Posted Sep 2, 2011 18:54 UTC (Fri) by dlang (guest, #313) [Link] (1 responses)

I actually see what the kernel.org folks are doing as one of the best examples of dealing with a compromise that I've seen.

as for your objection that they are running commands on the system to track the extent of the problem, that is something that they pretty much must do, having a spare system with those sort of specs laying around just in case it's needed isn't practical (the thing holds 66 drives for crying out loud, that's _expensive_ and there is a good case to be made for keeping all of that expensive hardware that's been donated in use rather than just sitting around.

they have said that as far as they can tell the git repository has not been tampered with (and they say how they know that), so if you downloaded via git and compiled, you should be good.

it's not just assuming that the filesystem hasn't been changed, it's also the fact that all of the people who pull through the git interface (that you are saying may send trojened source) are automatically doing checks on the data.

yes it's theoretically possible to backdoor git so that it sends valid data to some people and invalid data to other people, but since the git transport layer isn't encrypted, it would be far easier to do this via a man-in-the-middle attack on your network than it would be to compromise kernel.org to do this for you.

kernel.org compromised

Posted Sep 5, 2011 11:53 UTC (Mon) by hein.zelle (guest, #33324) [Link]

> yes it's theoretically possible to backdoor git so that it sends valid
> data to some people and invalid data to other people, but since the git
> transport layer isn't encrypted, it would be far easier to do this via a
> man-in-the-middle attack on your network than it would be to compromise
> kernel.org to do this for you.

As long as we're looking at the theoretical possibilities (can you be 100% sure you're not compromised), that argument doesn't really matter.
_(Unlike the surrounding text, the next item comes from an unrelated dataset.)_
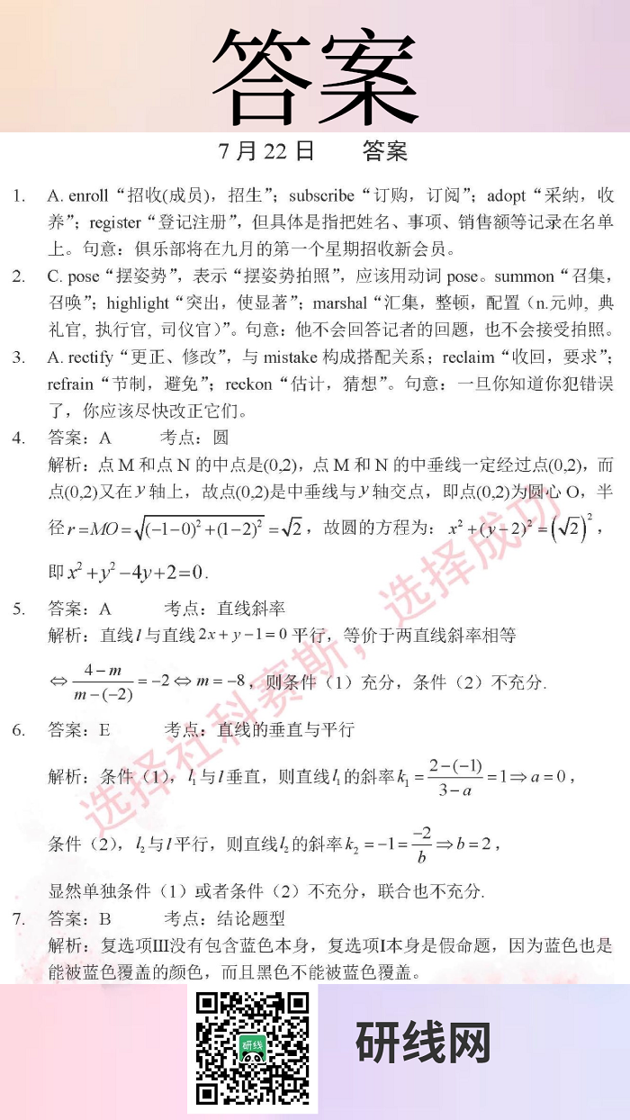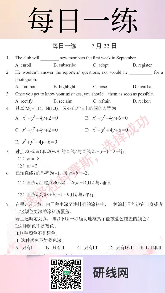為了更好的復習和鞏固已經學過的知識,研線網小編為大家整理出幾道題,作為每日的練習,希望能夠幫助到同學們哦!

Also, if the aim is to infect a large number of machines with a modified kernel, it certainly would make sense to use a backdoor in git on the server, instead of using a man-in-the-middle attack on a local network.

In this case I personally would be fine with running that kernel and trusting the research of the kernel.org sysadmins. However, for systems with truly critical security levels, I can imagine that's not acceptable.
I would certainly start with assuming that someone hacking kernel.org is very clever and came extremely well prepared, if only because they might have been.

Independent sources for checksums or signatures sound like a viable solution (to someone who knows very little about security or checksums). That may be worth implementing for those administrators who truly depend on 100% secure verification. As for not running make before verifying what you downloaded - that definitely sounds like the responsibility of the person downloading and building the kernel.

kernel.org compromised

Posted Sep 3, 2011 5:47 UTC (Sat) by PO8 (guest, #41661) [Link]

A Linux Live CD/DVD is a really nice way to inspect your laptop hard disk without having to remove it. Assuming you trust your BIOS to boot from CD when told to, you can be pretty confident that running from a known-good Live CD is safe. You can then use a checksumming tool to verify that the OS files on your hard disk (including the Linux kernel and its modules) match those on the CD. Assuming this all works out, your laptop is now a trusted platform again. For anything where the Live CD mismatches the hard disk, you can move the files from the hard disk aside and replace them with the ones from the Live CD, usually without compromising the usability of the laptop very much.

Of course the usual bootstrap problems apply. How do you get a known-good Live CD given a compromised laptop? How do you get known-good checksums for configuration files and the like that are necessarily configured for your laptop? You can imagine answers to questions like these; ideally, someone would have worked on these answers for common Linux distros, but I'm not aware of much offhand.